Nonhyperbolic velocity analysis and improved demultiple for seismic data
Abstract
Reflection seismology is a widely used geophysical method to image and delimit underground oil and gas prospects using seismic data illumination from the surface. The collected information in acquisition contains reflected energy that is used to build a time or a depth image of the subsurface, but is also corrupted with undesired components like multiple reflections and random noise.
The success of seismic imaging heavily relies on building a velocity and anisotropy models that reflect the subsurface features to improve the resolution of the migrated sections.

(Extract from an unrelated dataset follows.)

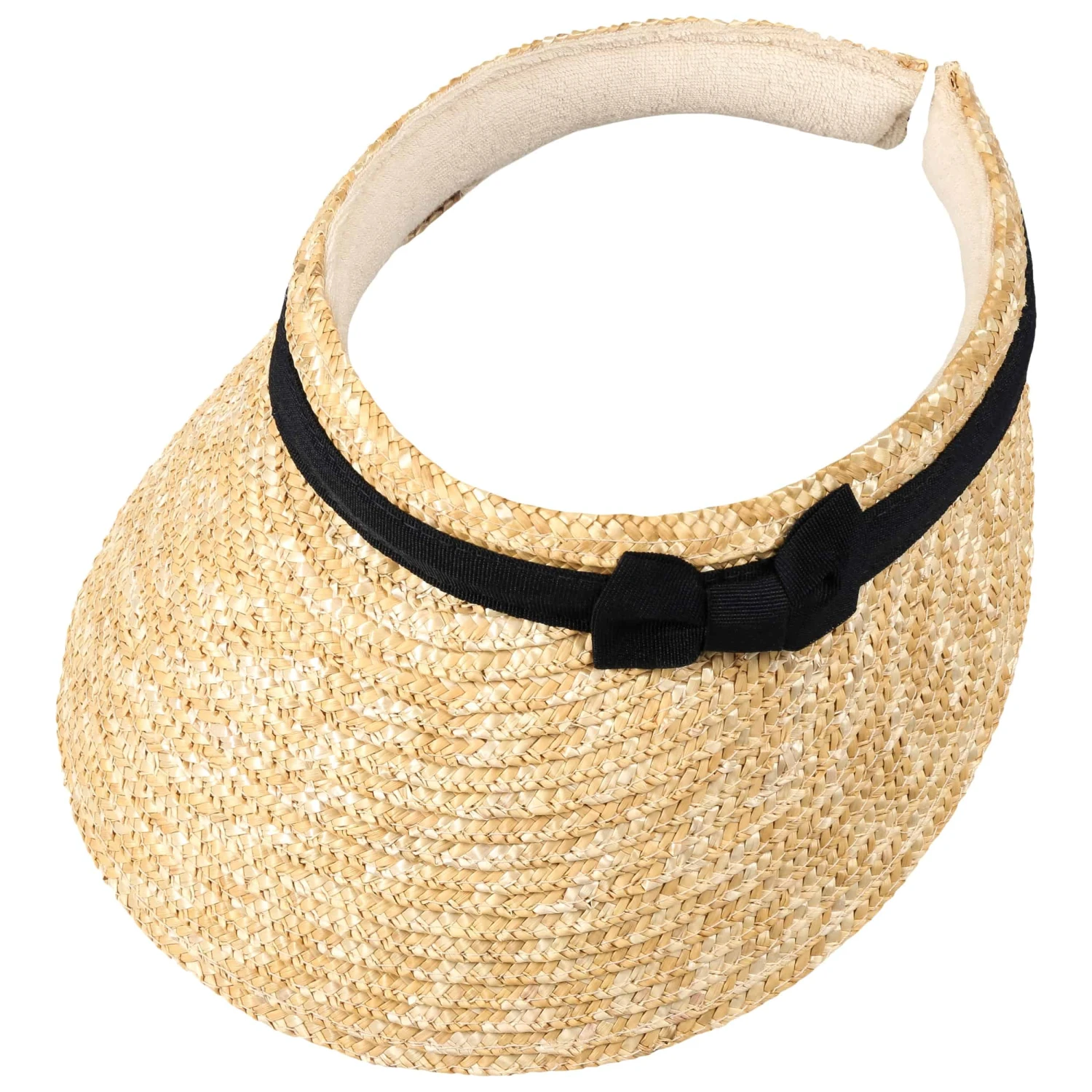 Der schattenspendende Schirm aus schimmerndem Naturstroh wird von einem eingearbeiteten Reifen gehalten, der sich flexibel um den Kopf legt und selbst bei Aktivitäten nicht schnell verrutscht. Durch die klassische Ripsbandgarnitur mit femininer Schleife erhält der komfortable Sonnenschutz einen pfiffig eleganten Abschluss.

In this thesis, an automatic workflow for nonhyperbolic velocity analysis is presented to estimate the moveout parameters (velocity and anellipticity) in an efficient way using an accurate traveltime approximation, combined with efficient parameter sampling and highresolution coherency estimators that detect the reflected events in the gathers. The proposed estimators are based on differential semblance and use optimal trace sorting to improve resolution in moveout and residual moveout spectra that helps in enhanced parameter tracking.
A modified version of the parabolic Radon transform is also presented with applications to multiple subtraction and trace interpolation. The transform is computed using a minimum-norm solution to an under-determined inverse problem solved by means of a singular value decomposition of a frequency-independent operator. This has benefits like improved separation of primaries and multiples when they severely intefer and preservation of amplitudes along the primaries after demultiple better than do the commonly used frequency-domain high-resolution parabolic Radon transforms.
The presented methods are later applied to a shallow long-offset marine dataset that exhibits amplitude variations with offset (AVO) and have multiple energy in the gathers. The applied sequence leads to improved demultiple and a better amplitude preservation of the primary reflections that is needed for AVO analysis.